Troisième réserve, la lisibilité de la performance. MacPherson prévient lui-même : « It’s going to seem like nothing’s happening, and then all of a sudden a lot is going to happen at once. » Une infrastructure se juge sur la durée, pas sur un trimestre. Pour un observateur extérieur, cette temporalité complique l’évaluation : les signaux faibles précèdent longtemps les inflexions visibles. Le pari peut être juste et rester illisible pendant des mois.
GENIUS Act, Clarity Act : la trajectoire des paiements on-chain
Reste la toile de fond réglementaire, que MacPherson relie directement à sa thèse. Avec le GENIUS Act appelé à entrer en vigueur l’an prochain et le Clarity Act susceptible de progresser, il projette que les paiements on-chain pourraient atteindre 3 000 milliards de dollars d’ici 2030, d’après CoinDesk. Cette projection encadre le pari : si les paiements en stablecoins se massifient sous un régime légal clarifié, la demande d’infrastructure de connectivité entre dollars numériques croît mécaniquement.

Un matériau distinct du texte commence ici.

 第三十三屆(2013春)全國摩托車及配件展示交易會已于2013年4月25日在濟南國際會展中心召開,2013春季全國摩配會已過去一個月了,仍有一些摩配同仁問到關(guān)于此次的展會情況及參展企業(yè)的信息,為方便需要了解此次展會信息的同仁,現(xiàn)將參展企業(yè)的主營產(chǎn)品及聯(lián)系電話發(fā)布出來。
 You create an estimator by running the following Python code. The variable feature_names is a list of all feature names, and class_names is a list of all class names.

Deux scénarios se dessinent sans prédiction de prix. Dans le premier, la clarification réglementaire américaine accélère l’adoption institutionnelle des stablecoins ; la fragmentation entre émetteurs s’intensifie ; la valeur migre vers les opérateurs de routage et de crédit collatéralisé — le terrain que Spark occupe. Dans le second, la consolidation autour de quelques stablecoins dominants réduit le besoin de connectivité et comprime la thèse de fragmentation, exposant Spark à la dépendance à ses partenaires. La trajectoire réelle se logera vraisemblablement entre les deux, dépendante du calendrier législatif autant que des choix des géants tech.
FAQ
Comment Spark gagne-t-il de l’argent sans application grand public ?

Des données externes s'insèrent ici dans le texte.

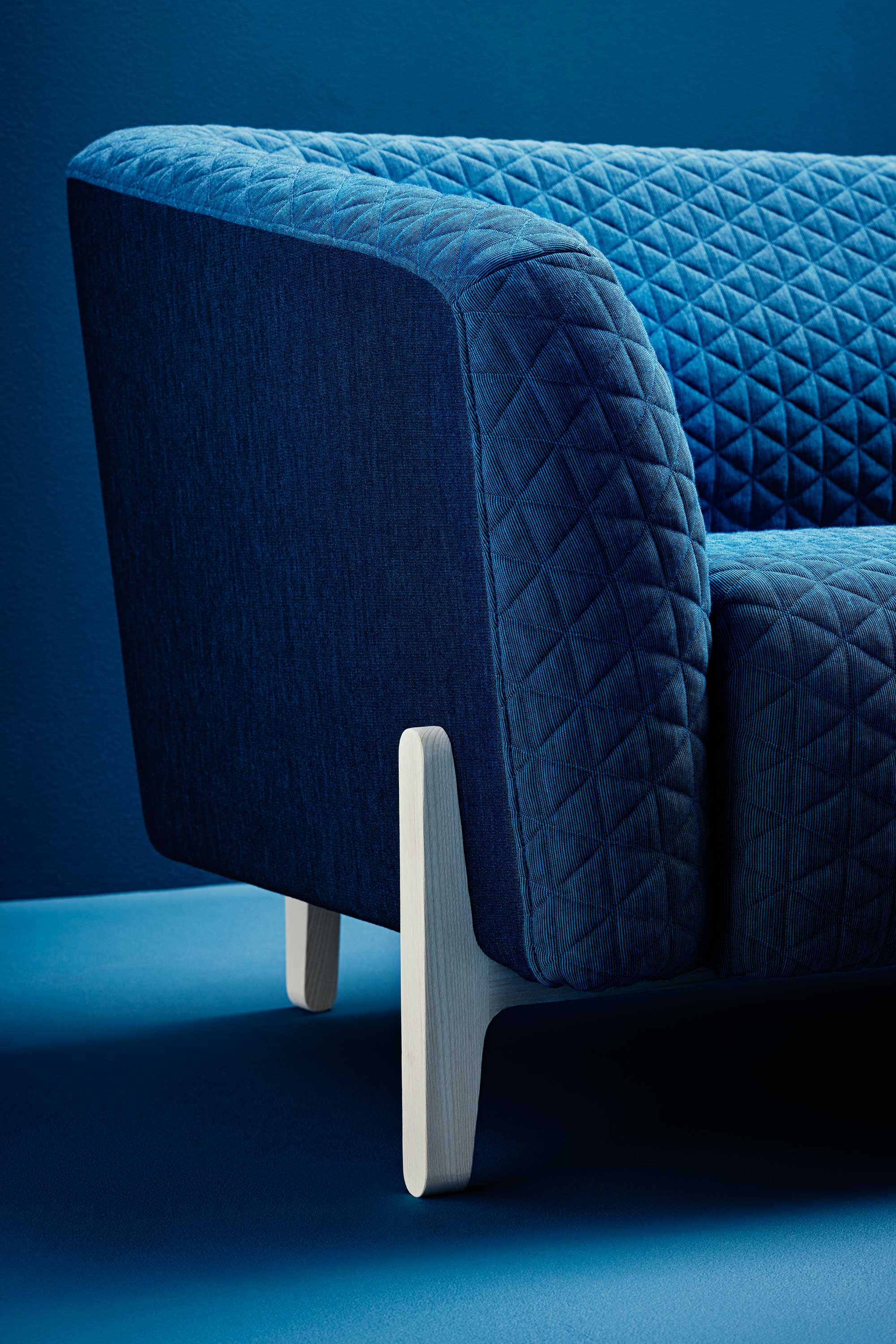 Every angle and element in this sofa and easy chair has been carefully thought out. Quilted textile covers the soft seating, which rests on a delicately shaped wooden frame. The size, appearance and function make Young suitable for public spaces and hospitality areas, as well as offices and domestic spheres where space is limited.

Spark monétise son rôle d’infrastructure : prêt OTC adossé Bitcoin (260 M$ d’encours), routage de liquidité entre stablecoins sur Uniswap, vaults de rendement pilotés par des curators, et prime brokerage en bêta. Il facture des services de connectivité et de crédit à des entreprises et protocoles, non à des particuliers.

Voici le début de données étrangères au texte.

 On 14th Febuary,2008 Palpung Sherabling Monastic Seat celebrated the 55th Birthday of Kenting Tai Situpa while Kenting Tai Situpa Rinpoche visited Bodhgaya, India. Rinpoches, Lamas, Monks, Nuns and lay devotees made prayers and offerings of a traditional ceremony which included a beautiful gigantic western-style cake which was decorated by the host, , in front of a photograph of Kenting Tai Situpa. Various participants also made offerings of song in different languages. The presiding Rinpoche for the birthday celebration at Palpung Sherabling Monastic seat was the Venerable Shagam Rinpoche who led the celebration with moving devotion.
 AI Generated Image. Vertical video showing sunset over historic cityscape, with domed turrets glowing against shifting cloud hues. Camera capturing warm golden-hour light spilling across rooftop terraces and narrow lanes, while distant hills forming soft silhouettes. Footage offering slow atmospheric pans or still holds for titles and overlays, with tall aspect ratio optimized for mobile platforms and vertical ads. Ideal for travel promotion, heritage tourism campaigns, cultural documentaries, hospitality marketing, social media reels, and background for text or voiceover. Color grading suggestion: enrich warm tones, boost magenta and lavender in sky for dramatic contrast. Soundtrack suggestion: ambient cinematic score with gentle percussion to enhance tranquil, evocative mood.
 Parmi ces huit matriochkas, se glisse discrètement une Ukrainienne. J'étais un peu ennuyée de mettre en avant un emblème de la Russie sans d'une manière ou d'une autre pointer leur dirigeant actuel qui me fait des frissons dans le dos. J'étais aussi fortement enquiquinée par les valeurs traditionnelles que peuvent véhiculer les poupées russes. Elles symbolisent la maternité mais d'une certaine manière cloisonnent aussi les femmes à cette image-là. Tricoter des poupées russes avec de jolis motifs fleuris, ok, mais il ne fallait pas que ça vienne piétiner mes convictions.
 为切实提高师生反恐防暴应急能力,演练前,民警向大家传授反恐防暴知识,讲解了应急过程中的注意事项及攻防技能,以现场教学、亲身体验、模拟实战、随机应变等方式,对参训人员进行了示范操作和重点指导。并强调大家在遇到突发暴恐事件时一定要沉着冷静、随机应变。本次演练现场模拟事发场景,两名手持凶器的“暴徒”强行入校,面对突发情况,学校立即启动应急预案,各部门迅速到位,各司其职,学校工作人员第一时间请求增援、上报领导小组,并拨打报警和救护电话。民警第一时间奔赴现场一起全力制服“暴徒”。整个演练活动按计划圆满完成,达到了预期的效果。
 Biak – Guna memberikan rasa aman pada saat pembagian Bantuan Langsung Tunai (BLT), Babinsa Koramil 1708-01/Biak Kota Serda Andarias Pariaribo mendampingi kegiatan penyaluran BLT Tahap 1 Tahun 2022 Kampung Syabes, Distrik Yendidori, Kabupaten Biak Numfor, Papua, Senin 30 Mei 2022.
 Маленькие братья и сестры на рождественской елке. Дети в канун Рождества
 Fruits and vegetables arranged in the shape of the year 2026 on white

Qu’est-ce que le « backend » dans ce contexte DeFi ?
Le backend désigne la couche technique invisible qui exécute les flux financiers entre protocoles et entreprises, sans être la vitrine vue par l’utilisateur. Chez Robinhood Earn, par exemple, le client voit la marque Robinhood ; Spark opère en dessous comme l’une des trois sources de collatéral du vault Morpho de 200 M$.
Pourquoi le revenu de Spark a-t-il autant chuté ?
Il est passé d’environ 80 M$ à 20 M$ avec le marché baissier, selon MacPherson. La baisse des rendements on-chain et de la demande d’emprunt a comprimé la marge d’intermédiation. Le pivot B2B2C vise à ancrer le revenu dans des flux d’entreprise, moins corrélés au sentiment spéculatif.
La part de 30 % sur Uniswap concerne-t-elle tous les échanges ?
Non. Le chiffre de 30 % couvre uniquement les swaps entre deux stablecoins, pas l’ensemble des transactions Uniswap impliquant un stablecoin. Sur ce segment précis, le système de Spark a routé environ 1,5 Md$ lors de ses trente premiers jours.
Sources – CoinDesk, « A massive stablecoin fragmentation war is brewing between tech giants and a startup is aiming to capitalize on it », 2 août 2026 — lien – Déclarations de MacPherson, dirigeant de Spark, rapportées par CoinDesk (revenus, OTC lending, Robinhood, projections paiements on-chain). – Données on-chain citées par CoinDesk (dépôts vault USDG, volumes Uniswap v4).
Cet article est une analyse à visée informative et ne constitue pas un conseil financier. Faites vos propres recherches (DYOR) avant toute décision.